Repeat only the lines below from the one containing "Rừng ngập mặn" through the one containing "O Alô Help é", inclusive, exactly as written.

Records supplied
[Start of Attachment]

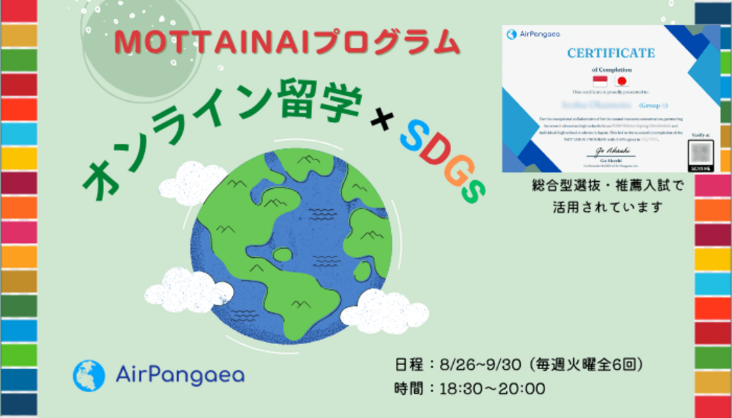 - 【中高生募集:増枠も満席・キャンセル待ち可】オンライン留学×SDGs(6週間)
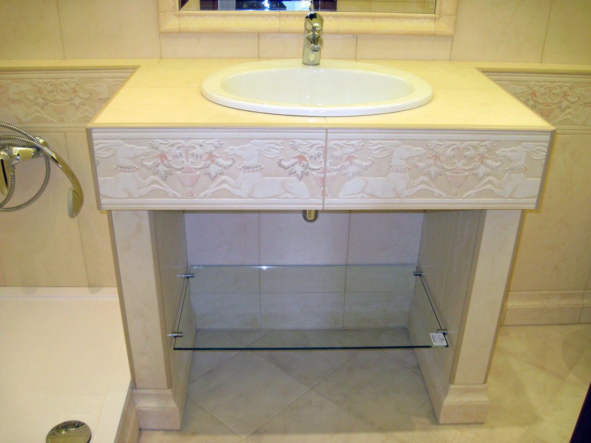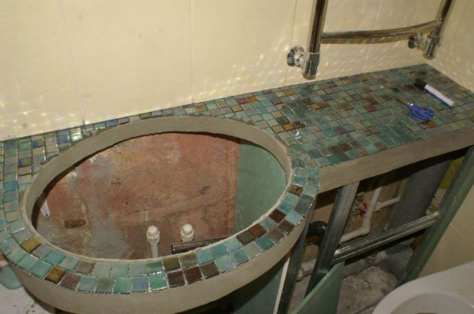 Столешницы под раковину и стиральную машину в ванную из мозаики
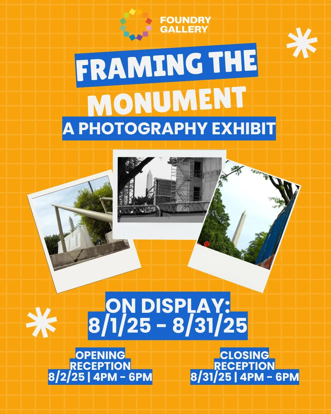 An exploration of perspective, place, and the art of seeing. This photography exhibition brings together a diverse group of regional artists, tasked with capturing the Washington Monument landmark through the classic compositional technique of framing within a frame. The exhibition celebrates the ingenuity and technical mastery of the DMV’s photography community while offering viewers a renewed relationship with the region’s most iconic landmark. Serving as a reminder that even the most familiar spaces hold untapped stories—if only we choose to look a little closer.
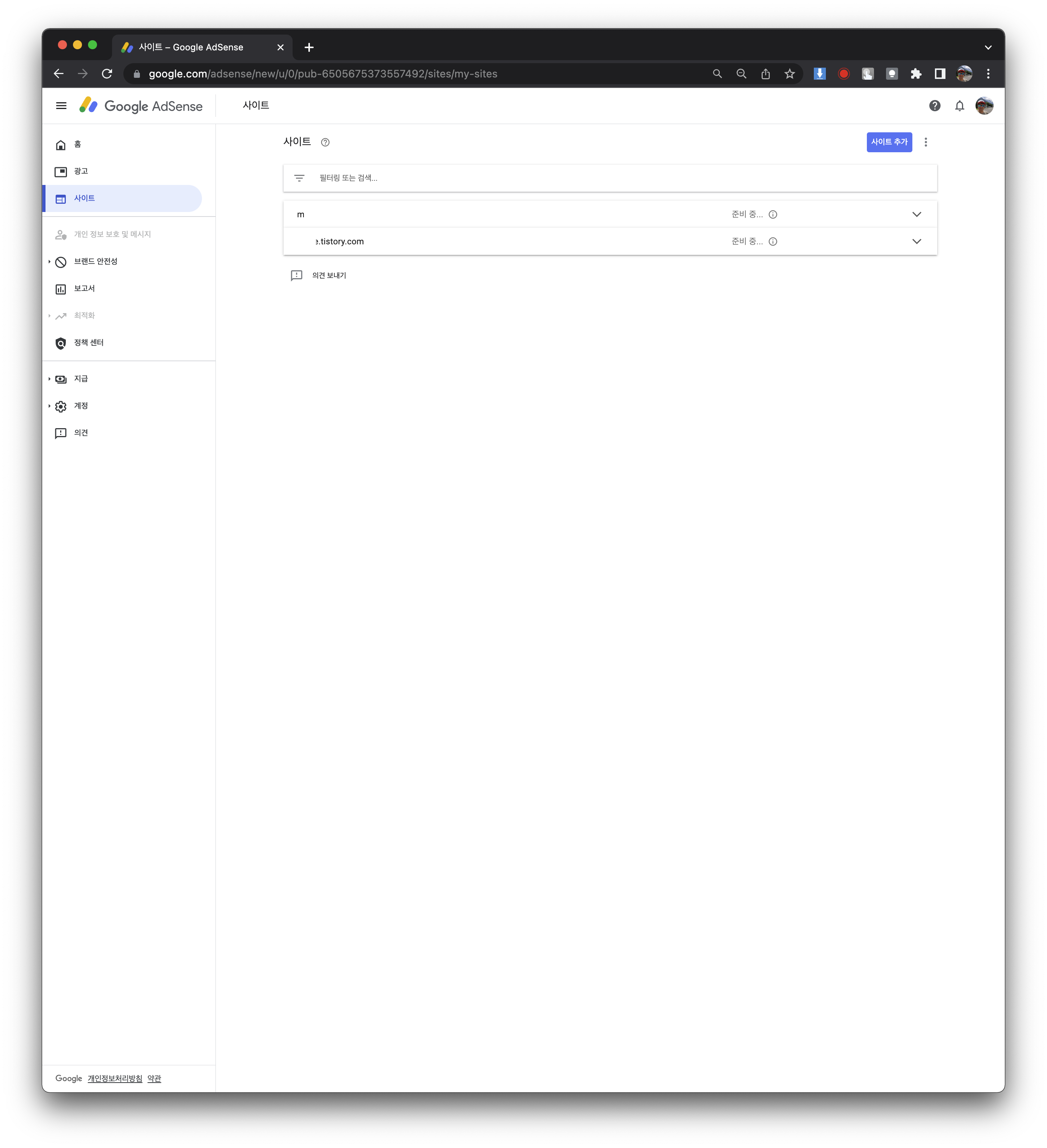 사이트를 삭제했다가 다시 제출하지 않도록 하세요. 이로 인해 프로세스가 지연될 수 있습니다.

[End of Attachment]
[Start of Attachment]

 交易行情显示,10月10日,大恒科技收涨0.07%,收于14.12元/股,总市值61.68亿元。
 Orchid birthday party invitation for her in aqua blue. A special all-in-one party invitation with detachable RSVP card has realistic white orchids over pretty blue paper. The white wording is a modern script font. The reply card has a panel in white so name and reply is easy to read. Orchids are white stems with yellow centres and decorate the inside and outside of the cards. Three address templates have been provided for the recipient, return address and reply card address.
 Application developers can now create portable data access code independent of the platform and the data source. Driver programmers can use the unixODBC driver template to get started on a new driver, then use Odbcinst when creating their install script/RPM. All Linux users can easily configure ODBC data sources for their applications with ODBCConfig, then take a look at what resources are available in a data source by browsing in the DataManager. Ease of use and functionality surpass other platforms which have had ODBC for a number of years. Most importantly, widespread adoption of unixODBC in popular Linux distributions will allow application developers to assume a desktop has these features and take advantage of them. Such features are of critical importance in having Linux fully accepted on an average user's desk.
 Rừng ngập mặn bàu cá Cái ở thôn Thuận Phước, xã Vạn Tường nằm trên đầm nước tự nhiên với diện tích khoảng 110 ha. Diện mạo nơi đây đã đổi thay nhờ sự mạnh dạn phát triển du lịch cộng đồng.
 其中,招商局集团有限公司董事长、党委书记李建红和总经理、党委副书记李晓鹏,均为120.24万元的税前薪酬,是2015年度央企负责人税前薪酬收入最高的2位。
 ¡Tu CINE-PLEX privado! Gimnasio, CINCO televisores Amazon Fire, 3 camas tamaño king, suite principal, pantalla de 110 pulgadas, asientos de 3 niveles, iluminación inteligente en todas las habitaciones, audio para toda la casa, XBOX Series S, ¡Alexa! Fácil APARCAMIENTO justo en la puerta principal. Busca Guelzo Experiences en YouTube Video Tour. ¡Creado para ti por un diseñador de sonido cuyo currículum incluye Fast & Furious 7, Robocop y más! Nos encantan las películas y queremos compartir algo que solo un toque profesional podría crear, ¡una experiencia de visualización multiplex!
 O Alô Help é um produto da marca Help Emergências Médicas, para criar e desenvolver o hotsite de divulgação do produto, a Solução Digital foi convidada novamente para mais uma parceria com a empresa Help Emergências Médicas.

[End of Attachment]
[Start of Attachment]

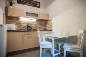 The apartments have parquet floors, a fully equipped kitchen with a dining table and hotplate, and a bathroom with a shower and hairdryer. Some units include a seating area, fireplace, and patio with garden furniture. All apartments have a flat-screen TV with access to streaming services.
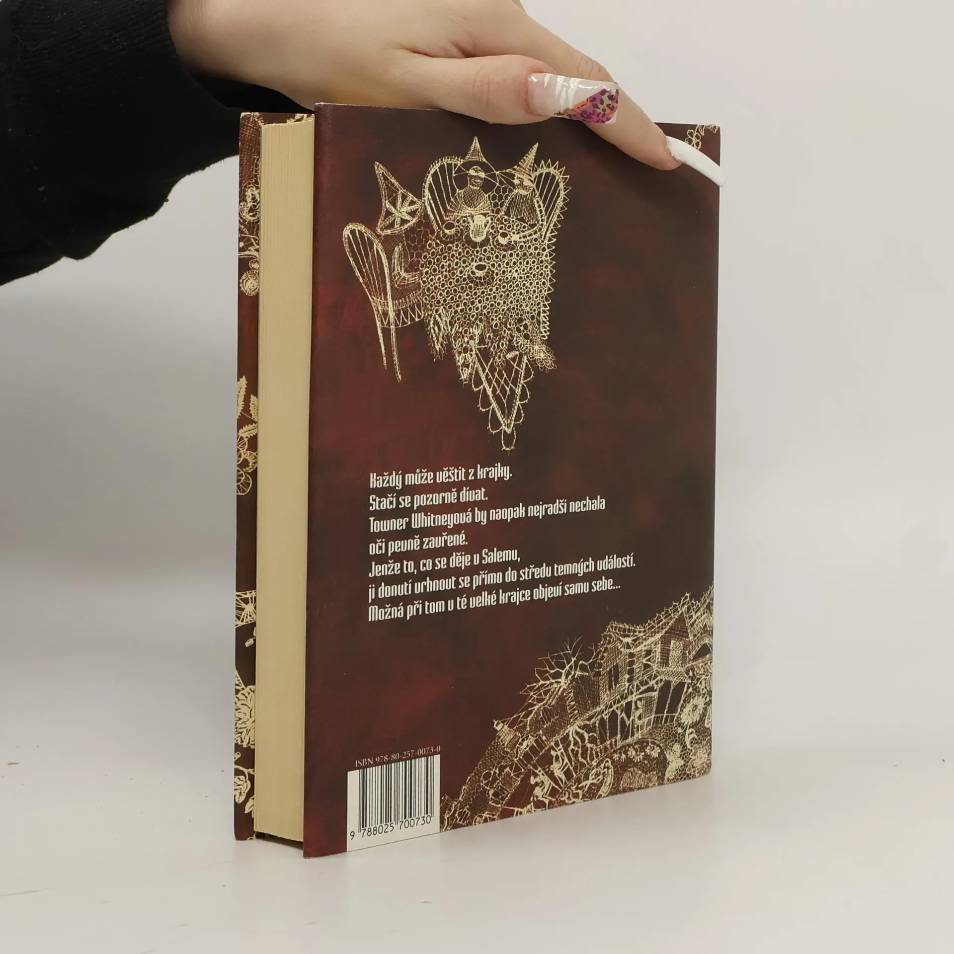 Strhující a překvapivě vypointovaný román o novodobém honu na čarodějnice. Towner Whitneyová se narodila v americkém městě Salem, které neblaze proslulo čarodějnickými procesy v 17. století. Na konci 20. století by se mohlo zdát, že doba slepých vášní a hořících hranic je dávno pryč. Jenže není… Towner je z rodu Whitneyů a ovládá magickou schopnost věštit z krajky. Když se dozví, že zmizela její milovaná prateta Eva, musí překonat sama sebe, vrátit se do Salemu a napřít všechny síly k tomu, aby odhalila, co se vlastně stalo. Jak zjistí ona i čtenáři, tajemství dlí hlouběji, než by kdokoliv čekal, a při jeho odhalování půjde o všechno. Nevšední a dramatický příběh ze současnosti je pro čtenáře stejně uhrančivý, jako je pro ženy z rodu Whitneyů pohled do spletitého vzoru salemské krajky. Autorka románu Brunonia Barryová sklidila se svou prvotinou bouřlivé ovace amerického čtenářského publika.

[End of Attachment]

Response box
 Rừng ngập mặn bàu cá Cái ở thôn Thuận Phước, xã Vạn Tường nằm trên đầm nước tự nhiên với diện tích khoảng 110 ha. Diện mạo nơi đây đã đổi thay nhờ sự mạnh dạn phát triển du lịch cộng đồng.
 其中,招商局集团有限公司董事长、党委书记李建红和总经理、党委副书记李晓鹏,均为120.24万元的税前薪酬,是2015年度央企负责人税前薪酬收入最高的2位。
 ¡Tu CINE-PLEX privado! Gimnasio, CINCO televisores Amazon Fire, 3 camas tamaño king, suite principal, pantalla de 110 pulgadas, asientos de 3 niveles, iluminación inteligente en todas las habitaciones, audio para toda la casa, XBOX Series S, ¡Alexa! Fácil APARCAMIENTO justo en la puerta principal. Busca Guelzo Experiences en YouTube Video Tour. ¡Creado para ti por un diseñador de sonido cuyo currículum incluye Fast & Furious 7, Robocop y más! Nos encantan las películas y queremos compartir algo que solo un toque profesional podría crear, ¡una experiencia de visualización multiplex!
 O Alô Help é um produto da marca Help Emergências Médicas, para criar e desenvolver o hotsite de divulgação do produto, a Solução Digital foi convidada novamente para mais uma parceria com a empresa Help Emergências Médicas.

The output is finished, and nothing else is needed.